Isn't it crazy how we can have so much built up anger, frustration, and sadness all bottled up at one time, to the point of blocking out what has happened to us in the past?
I'm in the process of going through all my old boxes of stuff, and I stumbled upon a binder FULL of notes, letters and poems I had written around age 16-17 that I forgot about/don't remember writing. Going through it brought me to tears as I realized that I'm no closer to forgiving myself/my A mom today as I was 5 years ago Im slowly working on myself though, and trying to not let her directly or indirectly influence my life in her favour.
This is the one that really got to me. I think I wrote this after one specific fight that ended with my AMom telling me she wished I was never born.

17 years. way too long.
if i had a penny for everytime i heard her say
"Im Sorry, im going to quit"
id be a ************* millionaire
Shes been told by millions of people
most importantly by her mother, her sister, her daughter and her husband.
shes sick, and she needs help.
but she doesnt remember.
because everytime it comes up,
she's hammered.
i hate it.
i love her, i hate the disease.
i kept the secret for so long.
i was embarassed to have friends over because of what they might think.
or what she might do.
But im sick of hiding this.
Its been eating me up inside since the day i realized.
i used to think it was normal, that all adults did it.
then i saw a loving family, one that got along, and didnt fight everytime someone got drunk.
then i realized that my mother was different.
17 years has been way to long.
and things have gotten so much worse.
Im sick of living with this.

You have said so many hurtful things to me throughout my life.
and i dont know how much longer i can take it.
everything is so overwhelming.
i now have to deal with this, along with the stresses of school, and work.
I dont want to be the Adult in our family anymore.
im 17 years old, i shouldnt be the mature one.
I have wanted for so long for you to quit,
but i have come to the conclusion
I realize now, that the day you quit will be the day you die.

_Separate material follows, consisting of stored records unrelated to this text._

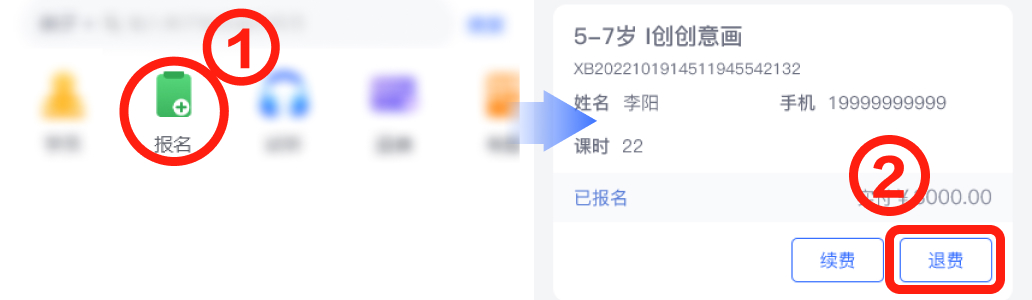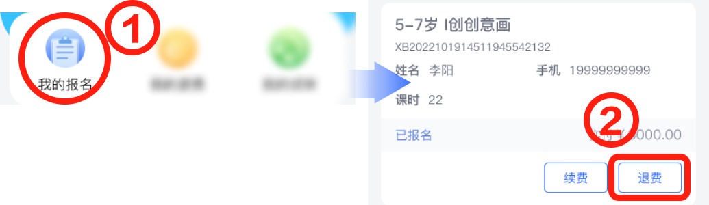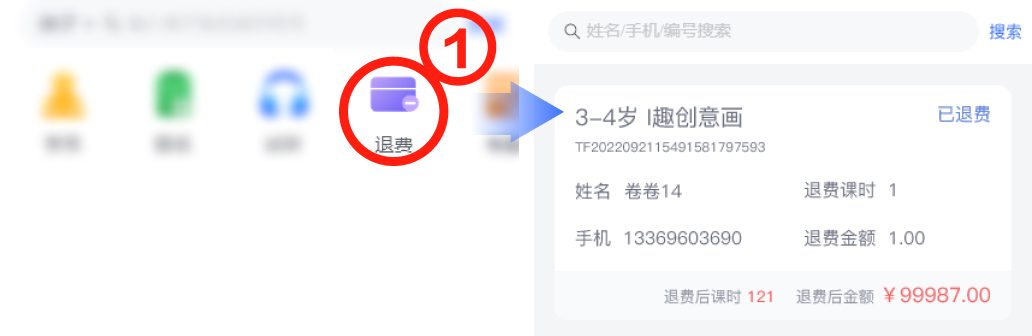 退费成功,可在报名列表 或 前台退费 查询退费记录。
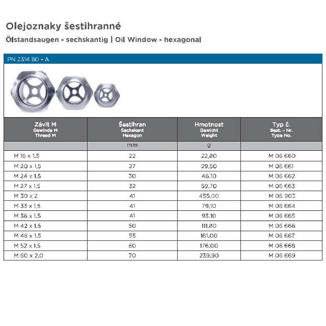 O1-M06660; Vnější závit M16x1,5, Hmotnost (kg) 0,023
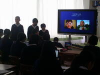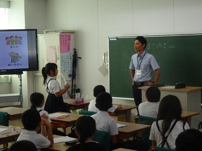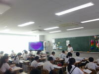 本日、5年担任の岡田先生が、中学校3年で英語の授業を行いました。
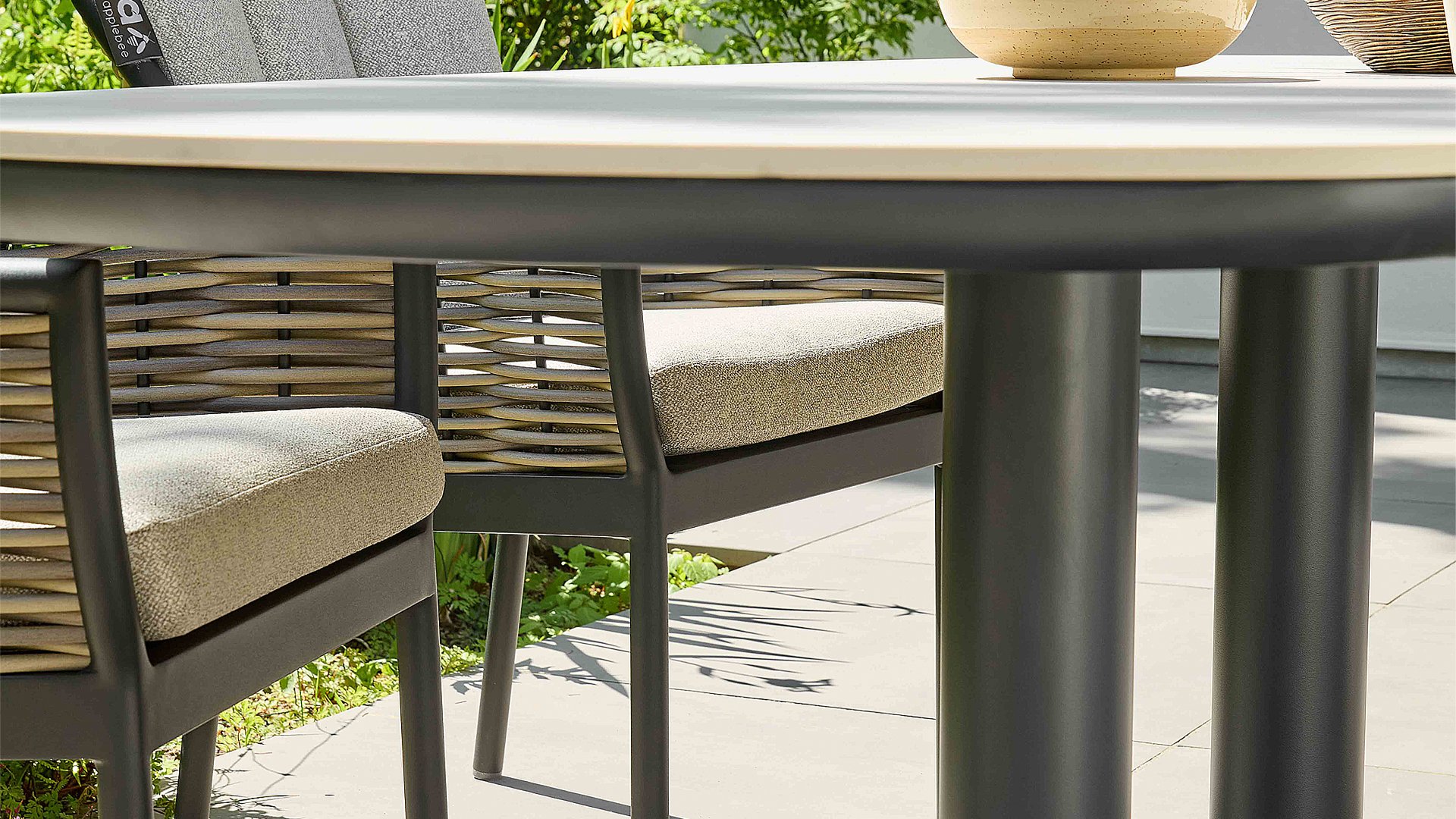 Der Melville 220cm ist in zwei Farben erhältlich: Black und Oyster. Er lädt zum gemeinsamen Verweilen und Genießen ein – mit der Gewissheit erstklassiger Gartenmöbelqualität.
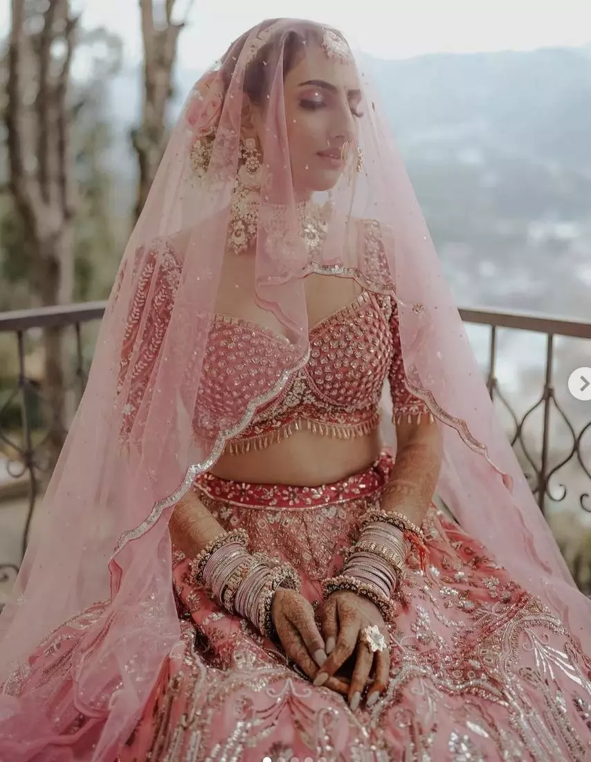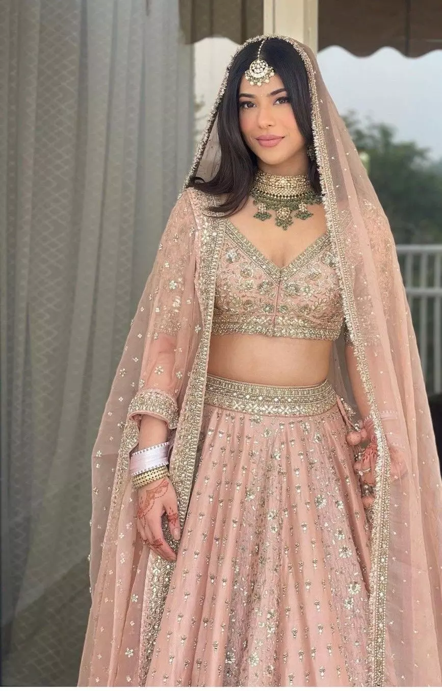 पीच रंग में वह नर्मी और चमक है जो किसी भी त्वचा पर निखरकर आता है। यह रंग उन दुल्हनों के लिए परफेक्ट है, जो अपनी शादी में कुछ अलग रंग ट्राई करना चाहती हैं। इसके अलावा, पीच रंग की खासियत यह है कि यह दिन और रात दोनों समय की शादी में समान रूप से सुंदर दिखता है।
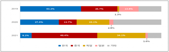 반면 중국은 태국시장에서 독일의 선전에 밀려 점유율이 일부 하락했지만(64.3% → 52.4%) 판매액은 2배 이상 늘었다. 싱가포르에서도 중국 점유율이 4.1%(3위)에서 79.5%(1위)로 급성장하며 한국을 추월했다. 독일은 말레이시아(13.8% → 83%)와 태국(0.2% → 35.6%), 싱가포르, 인도네시아 모두에서 점유율을 높였다.
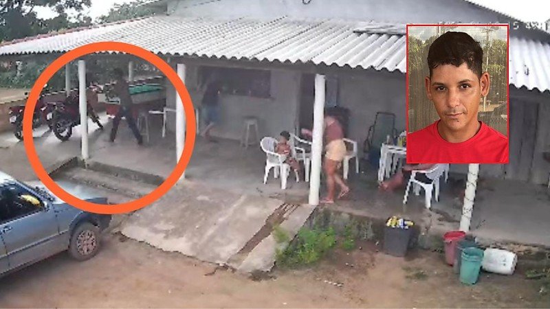 Imagens de câmeras de segurança registraram o exato momento em que o vigia Adriano Queiroz de Oliveira, de 34 anos, foi morto na tarde de domingo (18 de janeiro) em um bar localizado na zona rural de Novo Mundo (785 de km de Cuiabá).
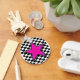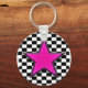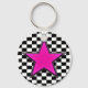 Esta cadena de clave emo presenta una estrella rosa sobre un fondo gráfico de tablero de ajedrez blanco y negro.

I want you to know that i love you, and i always will.
I want you to know that these last couple of years have been the hardest on me.
Children are supposed to learn from their parents, but i know now that your not the perfect role model for me, and i am well aware that i dont ever want to do this to my children.
I want you to know that even though i will always love you, i hate you at the same time.
You have no ******* idea what you have put us all through with your addiction. and I hope one day you will figure it out.

Mom, your an alcoholic and you need to wake up.